- [BRIEF]: Could the listing below be returned exactly, with its pictures left out?

- [DATA EXTRACT]:
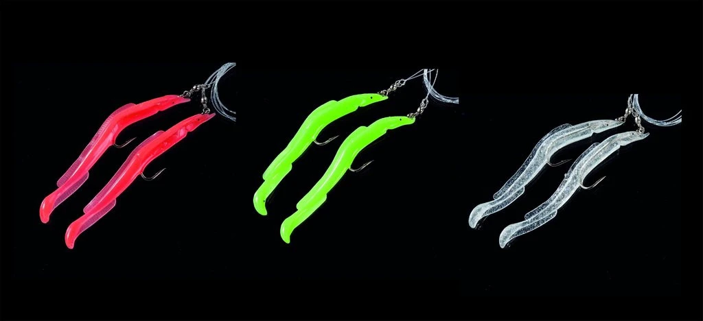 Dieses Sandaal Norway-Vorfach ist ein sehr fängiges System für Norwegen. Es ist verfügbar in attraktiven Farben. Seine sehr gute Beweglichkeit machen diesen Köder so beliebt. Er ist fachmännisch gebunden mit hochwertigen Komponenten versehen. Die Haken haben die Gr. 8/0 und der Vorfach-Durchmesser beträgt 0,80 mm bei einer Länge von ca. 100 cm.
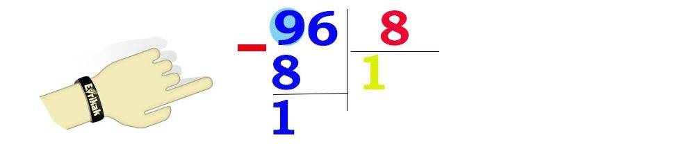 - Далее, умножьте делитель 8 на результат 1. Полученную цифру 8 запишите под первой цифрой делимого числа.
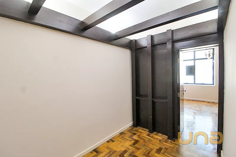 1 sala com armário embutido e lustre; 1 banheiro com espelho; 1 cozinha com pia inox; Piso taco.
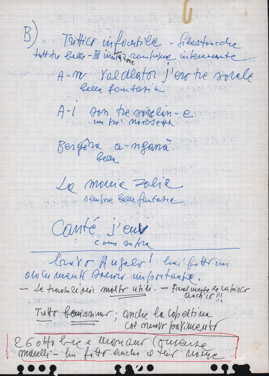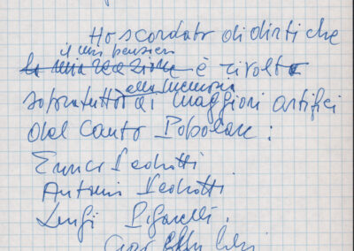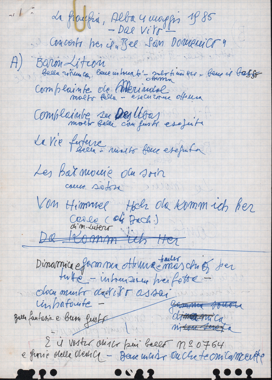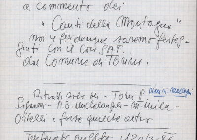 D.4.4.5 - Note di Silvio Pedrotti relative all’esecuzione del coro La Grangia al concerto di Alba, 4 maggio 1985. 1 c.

- [EXERCISE SOLUTION]:
 Dieses Sandaal Norway-Vorfach ist ein sehr fängiges System für Norwegen. Es ist verfügbar in attraktiven Farben. Seine sehr gute Beweglichkeit machen diesen Köder so beliebt. Er ist fachmännisch gebunden mit hochwertigen Komponenten versehen. Die Haken haben die Gr. 8/0 und der Vorfach-Durchmesser beträgt 0,80 mm bei einer Länge von ca. 100 cm.
 - Далее, умножьте делитель 8 на результат 1. Полученную цифру 8 запишите под первой цифрой делимого числа.
 1 sala com armário embutido e lustre; 1 banheiro com espelho; 1 cozinha com pia inox; Piso taco.
 D.4.4.5 - Note di Silvio Pedrotti relative all’esecuzione del coro La Grangia al concerto di Alba, 4 maggio 1985. 1 c.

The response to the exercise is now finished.